A limitation of the study was that the overweight/obese and male participants were under-represented. However, we still retained an adequate sample size for the overweight/obese group with power to detect differences between weight groups. Although the male sample was small, there was equal distribution across weight groups, and gender was controlled for in analysis; however, future research would benefit from studying the relationship between response inhibition, overweight and intake in larger male samples as this group has been under studied in the literature.

It would also be useful to assess the relative effectiveness of response inhibition training in high and low restrainers in the overweight/obese population. Houben and Jansen8 found that high restrainers ate less chocolate after chocolate no-go, response inhibition training, but this was in lean participants. If overweight restrainers already perform well in the short term; perhaps, we would see an effect of training only in those participants low in dietary restraint. However, it has been noted that restraint is an exhaustive resource and likely to result in relapse.51 Thus, while the restrained overweight and obese participants in the present study had better response inhibition to food cues than the low restrainers, this level of cognitive control may not be sustainable in the long run.
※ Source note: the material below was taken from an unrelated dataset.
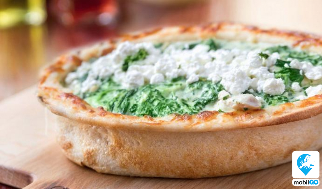 (Pizza tészta, Mozzarella, Vaj, liszt, Tej, csirkemell, túró, paraj, fokhagyma)
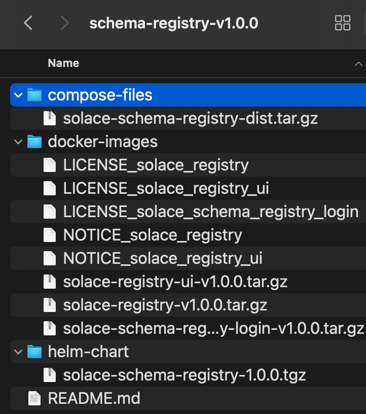 schema-registry-v1.0.0.tar.gz that contains all the necessary pieces you will need. This is available on the Solace Product Portal.NOTE: If you cannot access the Solace Product Portal, please click the Report a mistake at the bottom left of the codelab and open an issue asking for access.

Other techniques that do not rely on effortful inhibition may be more effective for helping with control of impulsive behaviour around food. An emerging research area for promoting self-control is the use of implicit priming techniques. For example, priming higher level construal thinking has been shown to enhance self-control52 and reduce snack intake,53 and does not require demanding inhibitory resources. This may be useful for both short-term improvement in low restrainers and longer-term success for high restrainers in real-world settings. In summary, for the first time in a single model, we show that being overweight and low in dietary restraint is related to poorer response inhibition to food (but not neutral) cues. We also demonstrate that poorer response inhibition to food (but not neutral) cues predicts increased snack intake, suggesting that overweight/obese groups, low in restraint, may benefit most from response inhibition training interventions.